Segment Start: Information supplied
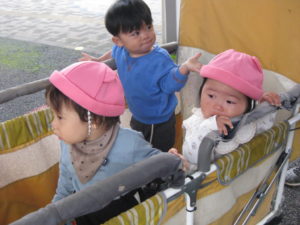 戸外に出るとニコニコ笑っていました。
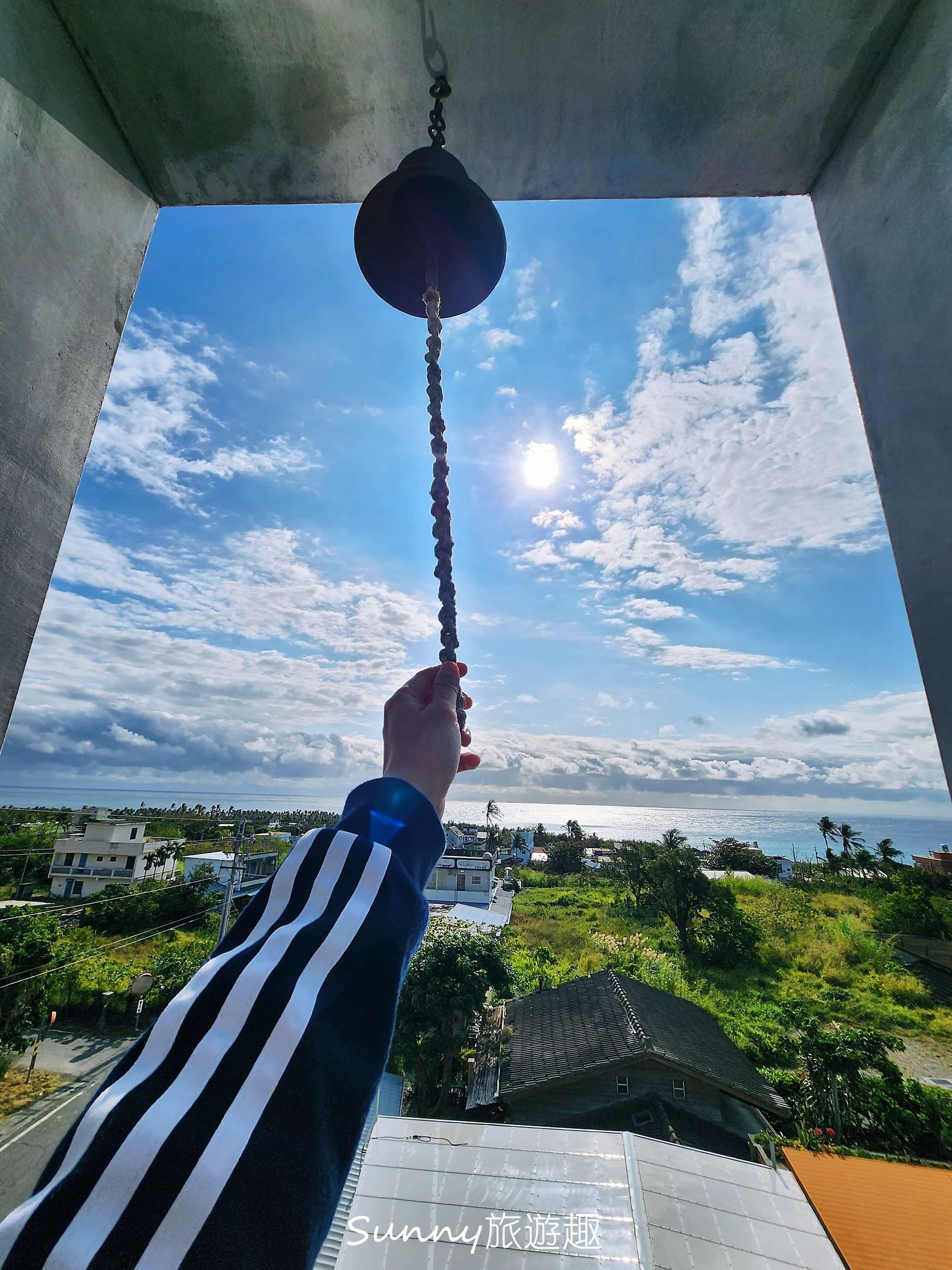 呵呵~這個框景,美得像幅畫,如果不趕時間真想坐在這裡發呆。聽說這方向也看的到日出喔! 起得來的朋友下次來別忘了上頂樓賞日出。
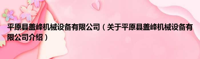 平原縣蓋峰機械設備有限公司(關于平原縣蓋峰機械設備有限公司介紹)
Segment End: Information supplied
◆ What is being asked
Exactly repeat only the lines from the one with "呵呵~這個框景,美得像幅畫,如果不趕時間" to the closing line above, both included, and omit every picture.

◆ Problem solution
 呵呵~這個框景,美得像幅畫,如果不趕時間真想坐在這裡發呆。聽說這方向也看的到日出喔! 起得來的朋友下次來別忘了上頂樓賞日出。
 平原縣蓋峰機械設備有限公司(關于平原縣蓋峰機械設備有限公司介紹)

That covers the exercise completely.